- [Available data]:

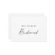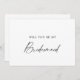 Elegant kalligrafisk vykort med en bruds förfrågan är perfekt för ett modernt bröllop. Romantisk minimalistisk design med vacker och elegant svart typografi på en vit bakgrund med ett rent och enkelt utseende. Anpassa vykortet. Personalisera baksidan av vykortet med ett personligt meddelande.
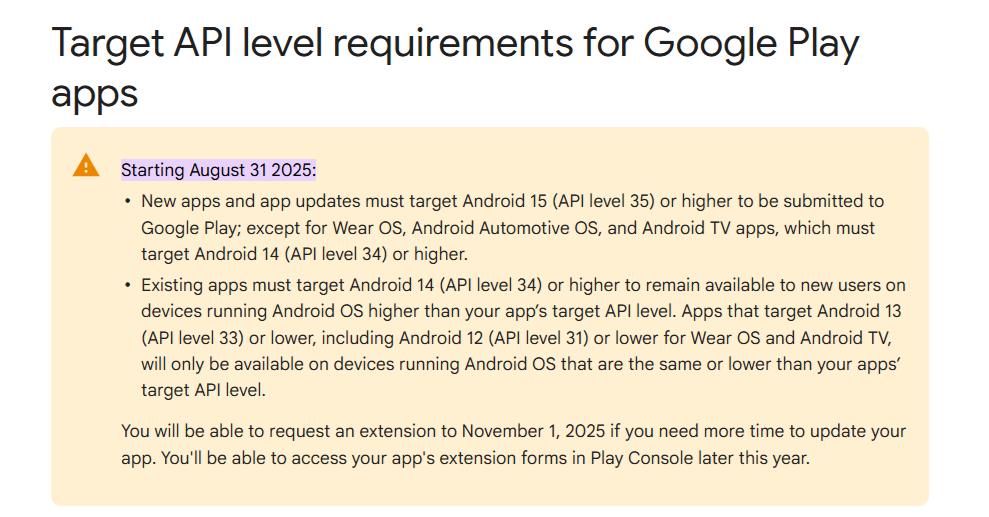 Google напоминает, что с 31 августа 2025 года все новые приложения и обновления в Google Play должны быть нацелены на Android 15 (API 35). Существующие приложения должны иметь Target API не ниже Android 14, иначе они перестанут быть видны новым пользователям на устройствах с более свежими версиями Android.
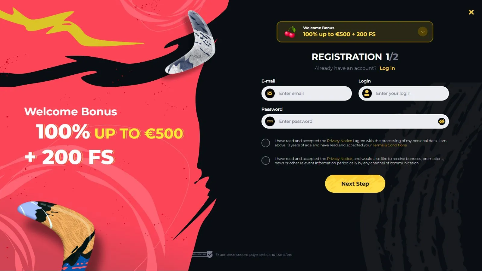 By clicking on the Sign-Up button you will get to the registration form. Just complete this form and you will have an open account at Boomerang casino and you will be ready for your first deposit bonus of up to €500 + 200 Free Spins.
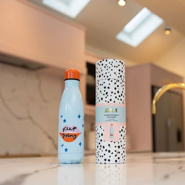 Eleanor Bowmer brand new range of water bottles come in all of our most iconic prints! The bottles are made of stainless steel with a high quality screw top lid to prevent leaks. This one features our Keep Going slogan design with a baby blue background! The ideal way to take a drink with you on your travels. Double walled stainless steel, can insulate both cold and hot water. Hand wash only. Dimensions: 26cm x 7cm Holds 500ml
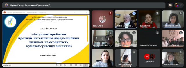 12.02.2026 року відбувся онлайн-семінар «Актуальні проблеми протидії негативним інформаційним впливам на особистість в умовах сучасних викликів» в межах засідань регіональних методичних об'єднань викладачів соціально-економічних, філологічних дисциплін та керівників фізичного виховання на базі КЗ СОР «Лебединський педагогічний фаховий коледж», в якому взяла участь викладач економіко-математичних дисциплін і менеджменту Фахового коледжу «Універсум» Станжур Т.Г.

- [Description of the task]: Set down the lines of the records above exactly, apart from the pictures.

- [Written solution]:
 Elegant kalligrafisk vykort med en bruds förfrågan är perfekt för ett modernt bröllop. Romantisk minimalistisk design med vacker och elegant svart typografi på en vit bakgrund med ett rent och enkelt utseende. Anpassa vykortet. Personalisera baksidan av vykortet med ett personligt meddelande.
 Google напоминает, что с 31 августа 2025 года все новые приложения и обновления в Google Play должны быть нацелены на Android 15 (API 35). Существующие приложения должны иметь Target API не ниже Android 14, иначе они перестанут быть видны новым пользователям на устройствах с более свежими версиями Android.
 By clicking on the Sign-Up button you will get to the registration form. Just complete this form and you will have an open account at Boomerang casino and you will be ready for your first deposit bonus of up to €500 + 200 Free Spins.
 Eleanor Bowmer brand new range of water bottles come in all of our most iconic prints! The bottles are made of stainless steel with a high quality screw top lid to prevent leaks. This one features our Keep Going slogan design with a baby blue background! The ideal way to take a drink with you on your travels. Double walled stainless steel, can insulate both cold and hot water. Hand wash only. Dimensions: 26cm x 7cm Holds 500ml
 12.02.2026 року відбувся онлайн-семінар «Актуальні проблеми протидії негативним інформаційним впливам на особистість в умовах сучасних викликів» в межах засідань регіональних методичних об'єднань викладачів соціально-економічних, філологічних дисциплін та керівників фізичного виховання на базі КЗ СОР «Лебединський педагогічний фаховий коледж», в якому взяла участь викладач економіко-математичних дисциплін і менеджменту Фахового коледжу «Універсум» Станжур Т.Г.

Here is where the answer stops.